→ **Problem to work on**
Without including any pictures, write out all the entries exactly.
[Excerpted data]
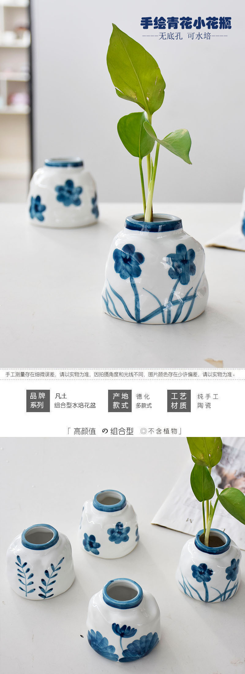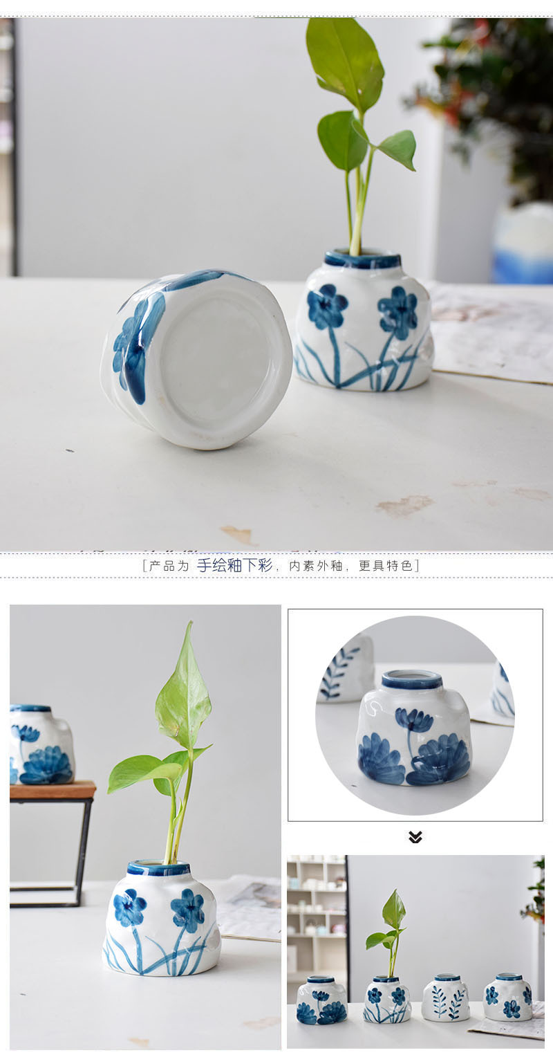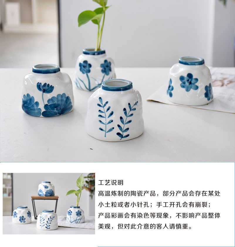공장 직접 판매 뜨거운 새 스타일 Guofeng 수경 작은 꽃병 장식품 비 다공성 손으로 그린 데스크탑 녹색 식물 수경 분지스토어 가기
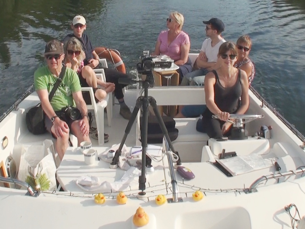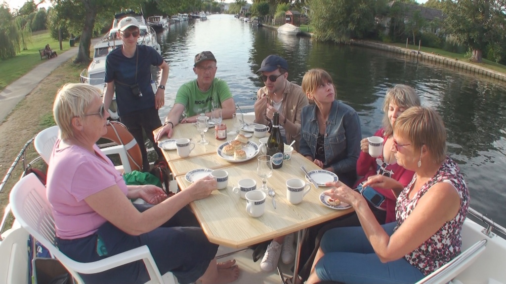 ....until, that is, five became eight, as nephew Ed (at the back on the left), niece Lottie (steering) and her partner Guy (back right) joined us for the Saturday afternoon, as we cruised from Marlow to Henley.
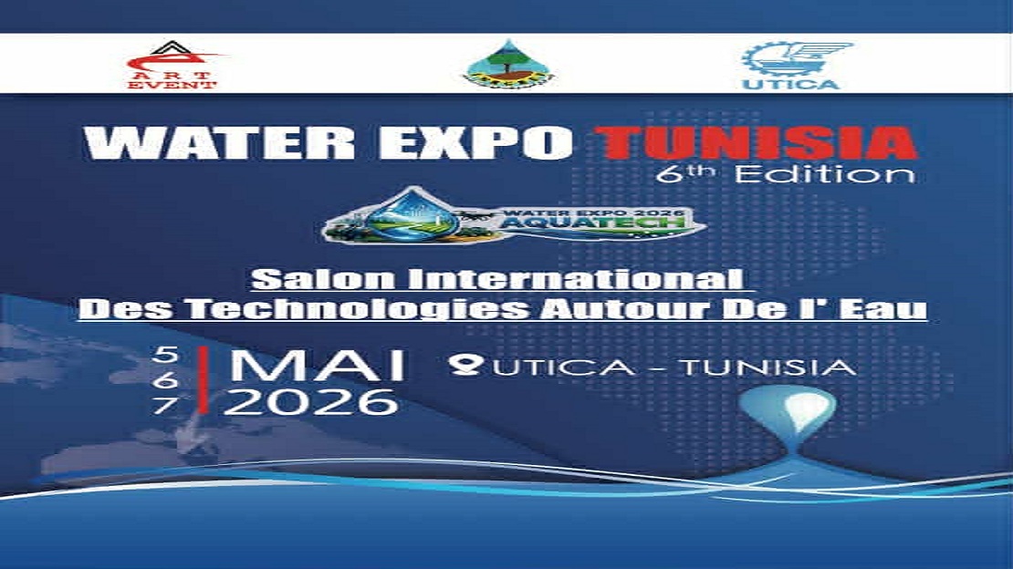 في قلب التغيرات المناخية تحت إشراف وزارة الفلاحة والموارد المائية والصيد البحري ، تنظّم شركة ART EVENT بالشراكة مع المعهد الوطني للبحوث في الهندسة الريفية والمياه والغابات INRGREF، فعاليات الدورة السادسة من الصالون الدولي للأنشطة والتكنولوجيات المائية “WATER EXPO TUNISIA 6.0”، وذلك أيام 05 و06 و07 ماي 2026 بمقرّ الاتحاد التونسي للصناعة والتجارة والصناعات التقليدية UTICA.
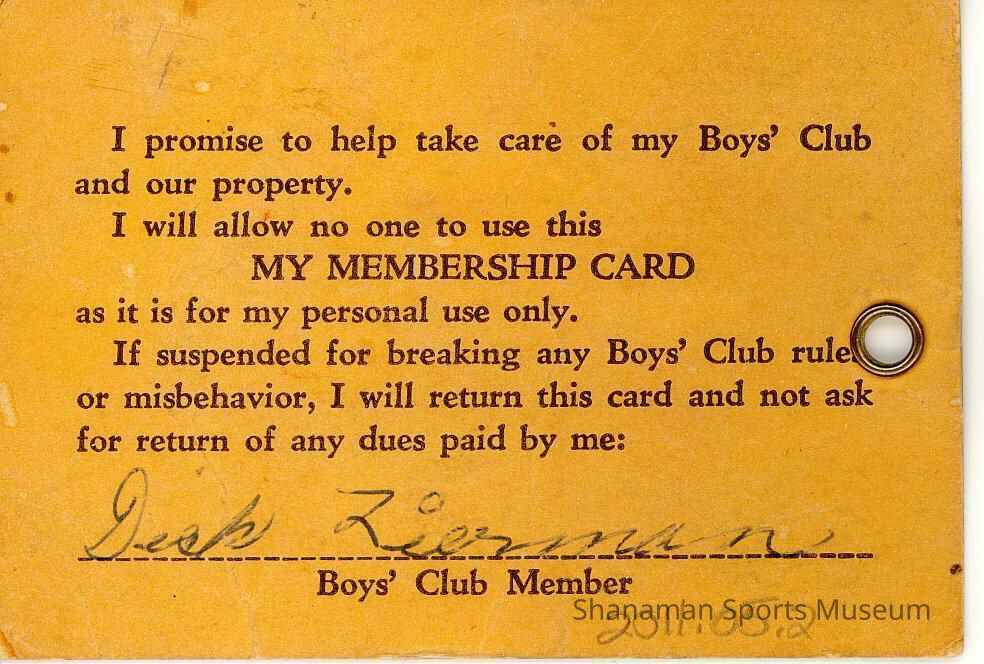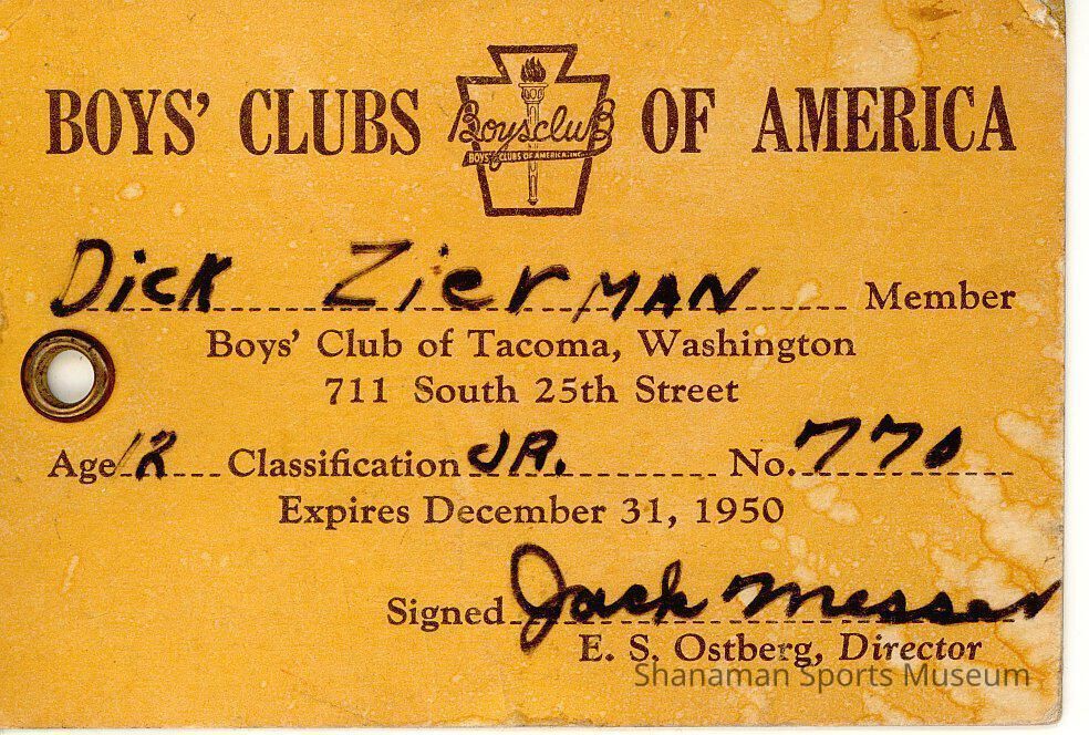 Membership Card for Richard (Dick) Zierman for the Boys' Club of America for 1950. Zierman was 12 years old.
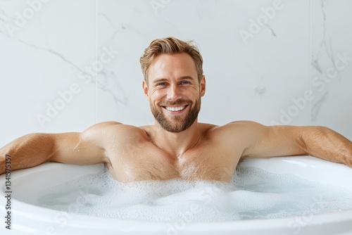 man, bathe, wellness, smile, tub, relaxation, modern, bathroom, style, health, unwind, enjoyment, treatment, self, comfort, ambience, retreat, peaceful, decor, refresh, portrait, escape, lifestyle, pamper, skincare, pleasure, beauty, male, bliss, balance, happy, fixture, water, design, facial, set, carefree, atmosphere, daylight, hygiene
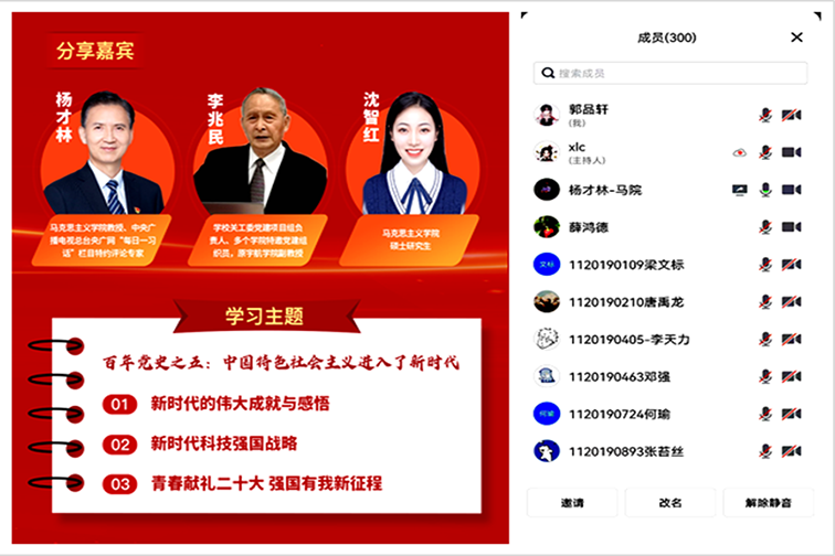 在二十大胜利召开前夕,很荣幸有机会参加学校关工委组织的百年党史老少共学系列活动的第五期党课。不同年龄段的退休教师、思政课教师和青年学生各自分享感悟,让我们再次感受到党的辉煌历程,特别是新时代青年一代的重任和担当。党走过百年风雨,现在走向伟大的民族复兴。作为新时代的青年要学习党史,坚定理想和信念,把青年理想和青春抱负熔铸在脚踏实地的奋斗中。作为一名计算机学院的学生,我一定努力掌握科学技术,为科技强国建设奉献自己的一份力量。
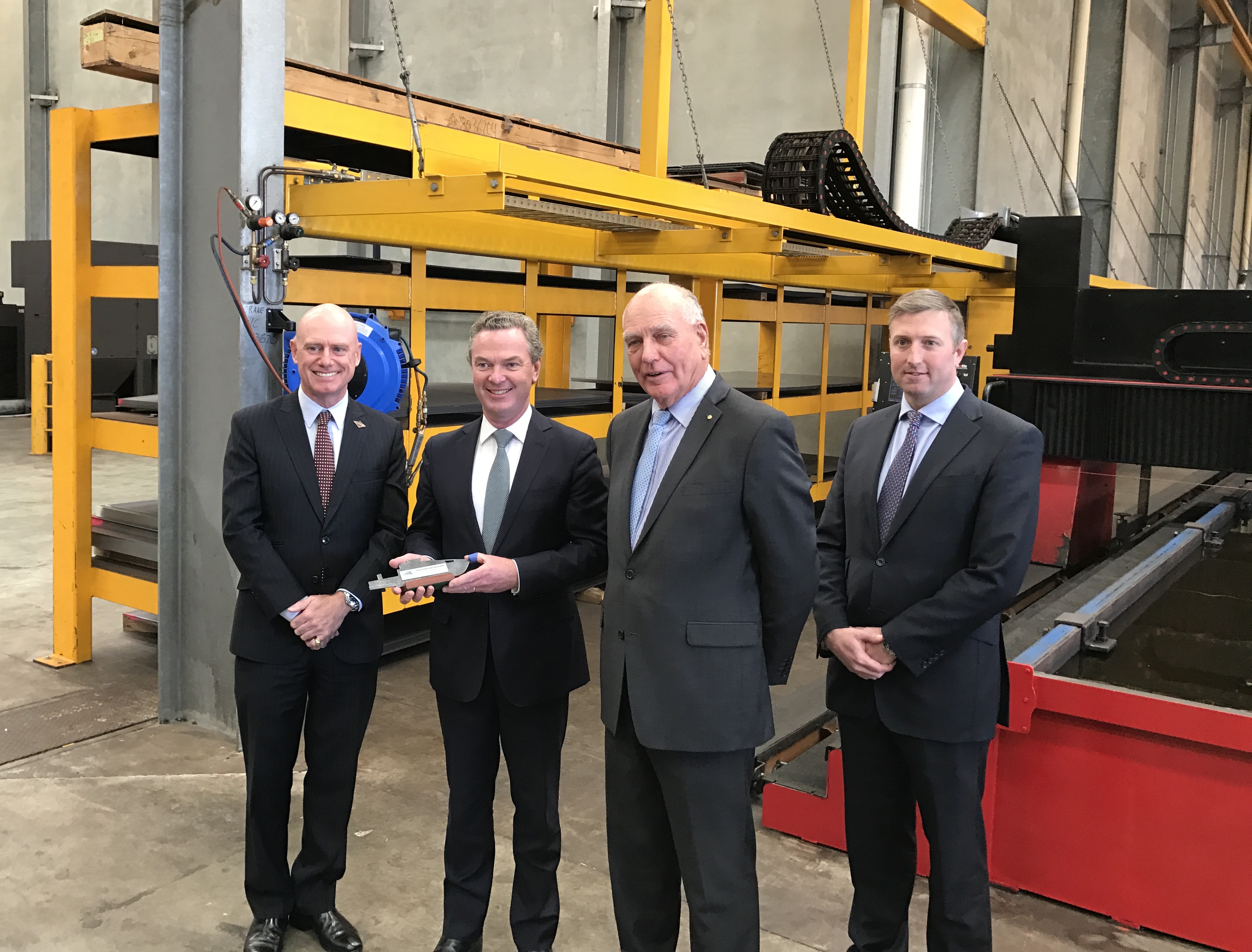 Joining Minister Pyne at the ceremony were Shadow Minister for Defence Issues, Mr Sean L'Estrange MLA, Austal’s Chairman, Mr John Rothwell, Chief Operating Officer Patrick Gregg, HD Plasma and Laser Cutting Services Managing Director Les Archibald and representatives from the Royal Australian Navy, Department of Defence, suppliers and industry.
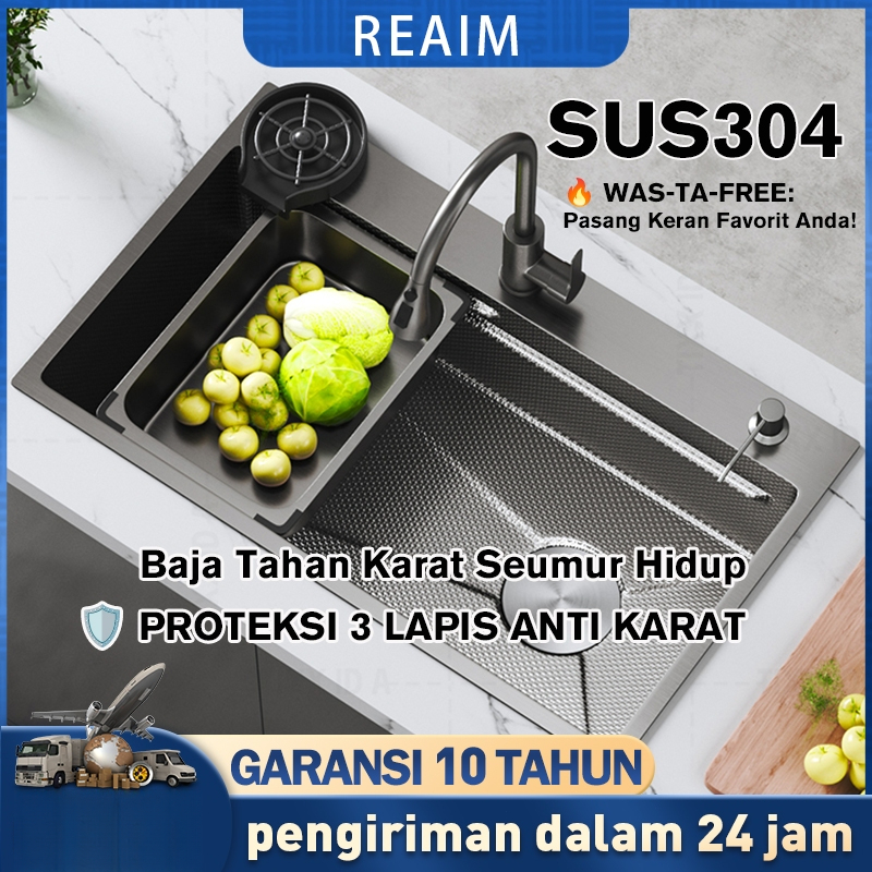 Kitchen Sink stainless Hitam ern Kitchen Sink set High Quality Sink set lapisan anti karat nano Wastafel Anti Karat Seum
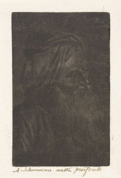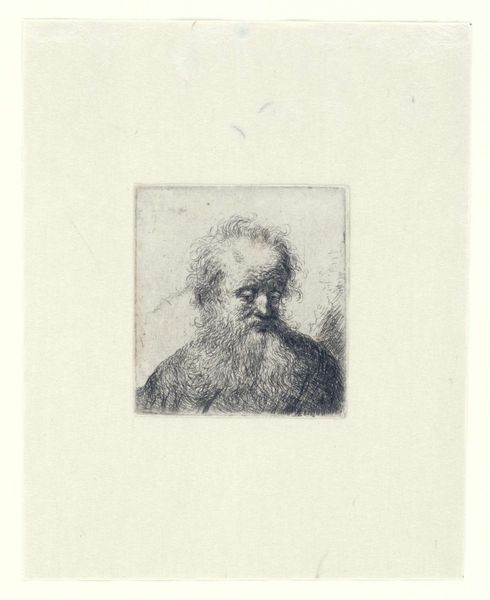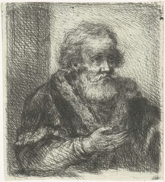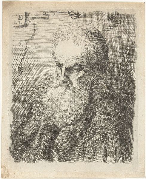 Editor: Here we have Jan Lievens' etching, "Bust of an Old Man with a Long Beard," dating somewhere between 1625 and 1674. The sheer amount of line work creating shadow is striking, and the figure has a real sense of weight and melancholy. What do you see in this piece? Curator: Beyond the striking visual aspects, I see a portrait deeply embedded in its socio-political context. Think about the Dutch Golden Age. What did it mean to depict an aging man, likely not of nobility, with such gravity? It pushes against the idealized portraiture often reserved for the wealthy and powerful, wouldn't you agree? Editor: Definitely, there is an egalitarian quality to the image. So, what does situating this etching within the social context of the Dutch Golden Age reveal about its meaning? Curator: We need to consider class, power, and representation. This wasn’t a commission. Lievens chose to depict this subject. Why? Was it a study of human emotion? Or perhaps a silent commentary on who deserves to be memorialized through art? I wonder, what identities might have been intentionally excluded at the time, and does this etching provide an opportunity to revisit the past with greater equity and inclusion? Editor: It's almost subversive, giving dignity and permanence to someone likely considered insignificant. Do you see the use of etching and its reproducible nature amplifying its message of representation, potentially? Curator: Precisely. The relatively accessible medium democratizes the image. It allows for broader distribution, disrupting the elite control of visual narratives and posing pertinent questions of who gets to participate and who is remembered. Editor: So, seeing it not just as a portrait, but as a statement about societal values in the Dutch Golden Age adds new layers. It definitely pushes the boundaries of traditional art historical narratives. Curator: Exactly. This work reminds us to consider art's agency, questioning whose stories are told and whose remain unheard.
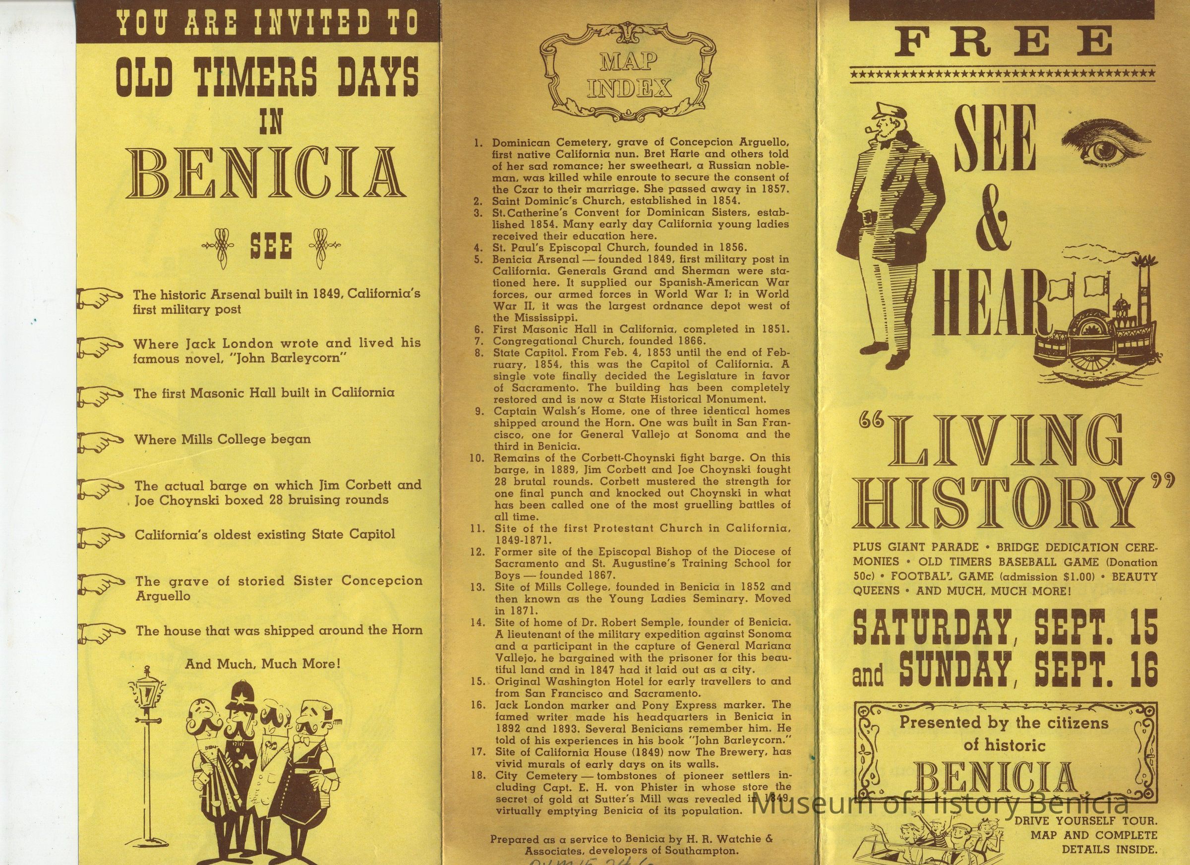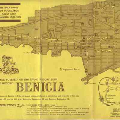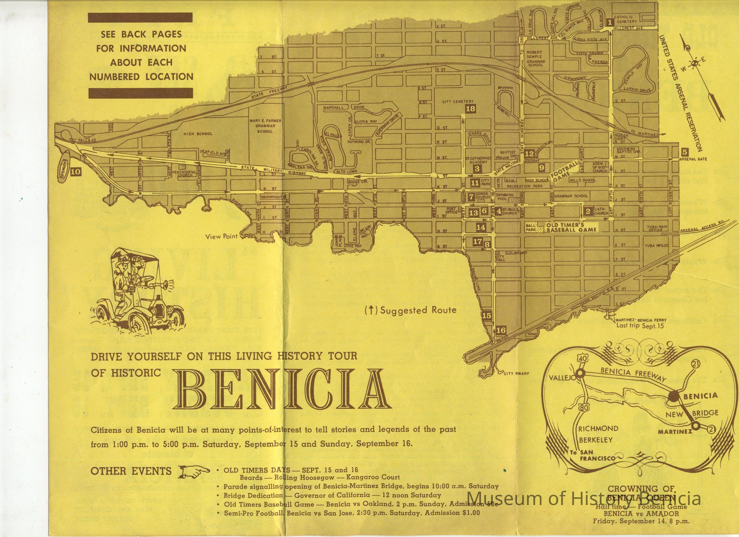 Some of the events: Old Timers' Days; Parade; Bridge Dedication; Old Timers' Baseball game; Semi-pro Football game; Queen crowning at BHS football game; and a self-driving tour of 18 points of Historical Interest in Benicia.
[/Excerpted data]
→ **Output for this exercise**
공장 직접 판매 뜨거운 새 스타일 Guofeng 수경 작은 꽃병 장식품 비 다공성 손으로 그린 데스크탑 녹색 식물 수경 분지스토어 가기
 ....until, that is, five became eight, as nephew Ed (at the back on the left), niece Lottie (steering) and her partner Guy (back right) joined us for the Saturday afternoon, as we cruised from Marlow to Henley.
 في قلب التغيرات المناخية تحت إشراف وزارة الفلاحة والموارد المائية والصيد البحري ، تنظّم شركة ART EVENT بالشراكة مع المعهد الوطني للبحوث في الهندسة الريفية والمياه والغابات INRGREF، فعاليات الدورة السادسة من الصالون الدولي للأنشطة والتكنولوجيات المائية “WATER EXPO TUNISIA 6.0”، وذلك أيام 05 و06 و07 ماي 2026 بمقرّ الاتحاد التونسي للصناعة والتجارة والصناعات التقليدية UTICA.
 Membership Card for Richard (Dick) Zierman for the Boys' Club of America for 1950. Zierman was 12 years old.
 man, bathe, wellness, smile, tub, relaxation, modern, bathroom, style, health, unwind, enjoyment, treatment, self, comfort, ambience, retreat, peaceful, decor, refresh, portrait, escape, lifestyle, pamper, skincare, pleasure, beauty, male, bliss, balance, happy, fixture, water, design, facial, set, carefree, atmosphere, daylight, hygiene
 在二十大胜利召开前夕,很荣幸有机会参加学校关工委组织的百年党史老少共学系列活动的第五期党课。不同年龄段的退休教师、思政课教师和青年学生各自分享感悟,让我们再次感受到党的辉煌历程,特别是新时代青年一代的重任和担当。党走过百年风雨,现在走向伟大的民族复兴。作为新时代的青年要学习党史,坚定理想和信念,把青年理想和青春抱负熔铸在脚踏实地的奋斗中。作为一名计算机学院的学生,我一定努力掌握科学技术,为科技强国建设奉献自己的一份力量。
 Joining Minister Pyne at the ceremony were Shadow Minister for Defence Issues, Mr Sean L'Estrange MLA, Austal’s Chairman, Mr John Rothwell, Chief Operating Officer Patrick Gregg, HD Plasma and Laser Cutting Services Managing Director Les Archibald and representatives from the Royal Australian Navy, Department of Defence, suppliers and industry.
 Kitchen Sink stainless Hitam ern Kitchen Sink set High Quality Sink set lapisan anti karat nano Wastafel Anti Karat Seum
 Editor: Here we have Jan Lievens' etching, "Bust of an Old Man with a Long Beard," dating somewhere between 1625 and 1674. The sheer amount of line work creating shadow is striking, and the figure has a real sense of weight and melancholy. What do you see in this piece? Curator: Beyond the striking visual aspects, I see a portrait deeply embedded in its socio-political context. Think about the Dutch Golden Age. What did it mean to depict an aging man, likely not of nobility, with such gravity? It pushes against the idealized portraiture often reserved for the wealthy and powerful, wouldn't you agree? Editor: Definitely, there is an egalitarian quality to the image. So, what does situating this etching within the social context of the Dutch Golden Age reveal about its meaning? Curator: We need to consider class, power, and representation. This wasn’t a commission. Lievens chose to depict this subject. Why? Was it a study of human emotion? Or perhaps a silent commentary on who deserves to be memorialized through art? I wonder, what identities might have been intentionally excluded at the time, and does this etching provide an opportunity to revisit the past with greater equity and inclusion? Editor: It's almost subversive, giving dignity and permanence to someone likely considered insignificant. Do you see the use of etching and its reproducible nature amplifying its message of representation, potentially? Curator: Precisely. The relatively accessible medium democratizes the image. It allows for broader distribution, disrupting the elite control of visual narratives and posing pertinent questions of who gets to participate and who is remembered. Editor: So, seeing it not just as a portrait, but as a statement about societal values in the Dutch Golden Age adds new layers. It definitely pushes the boundaries of traditional art historical narratives. Curator: Exactly. This work reminds us to consider art's agency, questioning whose stories are told and whose remain unheard.
 Some of the events: Old Timers' Days; Parade; Bridge Dedication; Old Timers' Baseball game; Semi-pro Football game; Queen crowning at BHS football game; and a self-driving tour of 18 points of Historical Interest in Benicia.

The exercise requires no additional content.